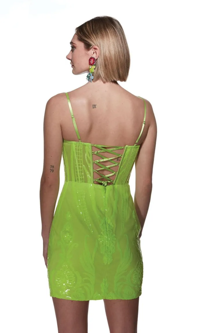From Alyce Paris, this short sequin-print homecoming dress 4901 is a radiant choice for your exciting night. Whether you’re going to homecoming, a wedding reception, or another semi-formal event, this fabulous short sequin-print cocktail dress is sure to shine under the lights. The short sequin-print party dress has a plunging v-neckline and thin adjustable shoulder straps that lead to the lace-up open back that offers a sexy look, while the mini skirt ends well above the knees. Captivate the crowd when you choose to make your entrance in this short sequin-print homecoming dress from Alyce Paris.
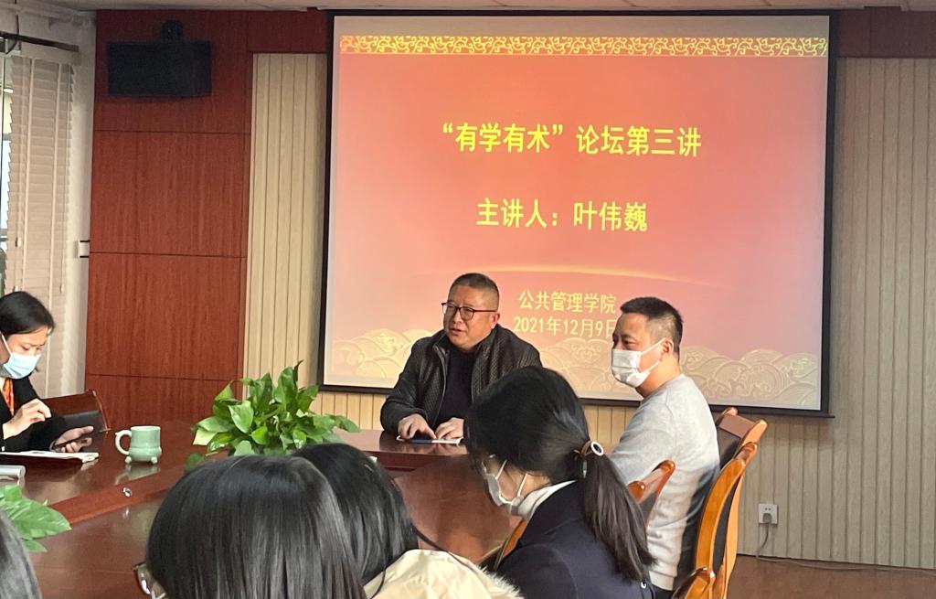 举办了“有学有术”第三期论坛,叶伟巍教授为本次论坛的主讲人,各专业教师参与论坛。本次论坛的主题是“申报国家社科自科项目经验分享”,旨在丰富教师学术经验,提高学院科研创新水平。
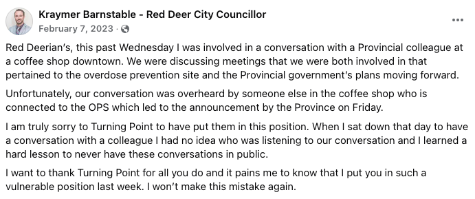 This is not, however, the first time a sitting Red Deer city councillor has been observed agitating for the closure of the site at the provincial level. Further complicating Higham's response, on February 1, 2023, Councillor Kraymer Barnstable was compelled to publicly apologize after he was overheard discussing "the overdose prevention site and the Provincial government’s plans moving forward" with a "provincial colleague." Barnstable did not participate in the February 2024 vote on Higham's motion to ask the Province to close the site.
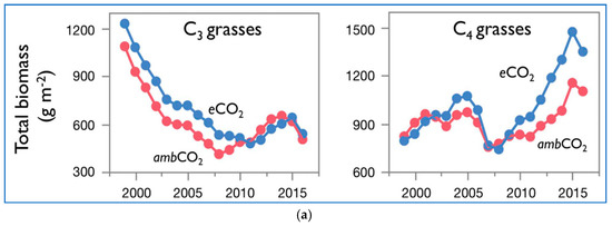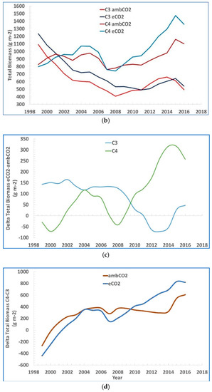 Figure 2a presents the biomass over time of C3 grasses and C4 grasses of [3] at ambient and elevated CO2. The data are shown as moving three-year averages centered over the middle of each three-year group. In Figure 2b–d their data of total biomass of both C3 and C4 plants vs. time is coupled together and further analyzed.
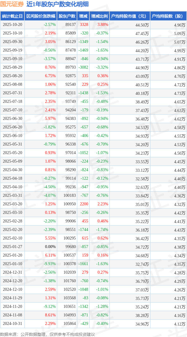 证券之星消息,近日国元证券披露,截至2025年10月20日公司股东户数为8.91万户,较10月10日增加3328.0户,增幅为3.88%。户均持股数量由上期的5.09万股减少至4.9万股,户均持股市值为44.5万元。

....................

■ Task directions
Return to the listing above and set it down exactly, leaving out its pictures.

■ Exercise solution
From Alyce Paris, this short sequin-print homecoming dress 4901 is a radiant choice for your exciting night. Whether you’re going to homecoming, a wedding reception, or another semi-formal event, this fabulous short sequin-print cocktail dress is sure to shine under the lights. The short sequin-print party dress has a plunging v-neckline and thin adjustable shoulder straps that lead to the lace-up open back that offers a sexy look, while the mini skirt ends well above the knees. Captivate the crowd when you choose to make your entrance in this short sequin-print homecoming dress from Alyce Paris.
 举办了“有学有术”第三期论坛,叶伟巍教授为本次论坛的主讲人,各专业教师参与论坛。本次论坛的主题是“申报国家社科自科项目经验分享”,旨在丰富教师学术经验,提高学院科研创新水平。
 This is not, however, the first time a sitting Red Deer city councillor has been observed agitating for the closure of the site at the provincial level. Further complicating Higham's response, on February 1, 2023, Councillor Kraymer Barnstable was compelled to publicly apologize after he was overheard discussing "the overdose prevention site and the Provincial government’s plans moving forward" with a "provincial colleague." Barnstable did not participate in the February 2024 vote on Higham's motion to ask the Province to close the site.
 Figure 2a presents the biomass over time of C3 grasses and C4 grasses of [3] at ambient and elevated CO2. The data are shown as moving three-year averages centered over the middle of each three-year group. In Figure 2b–d their data of total biomass of both C3 and C4 plants vs. time is coupled together and further analyzed.
 证券之星消息,近日国元证券披露,截至2025年10月20日公司股东户数为8.91万户,较10月10日增加3328.0户,增幅为3.88%。户均持股数量由上期的5.09万股减少至4.9万股,户均持股市值为44.5万元。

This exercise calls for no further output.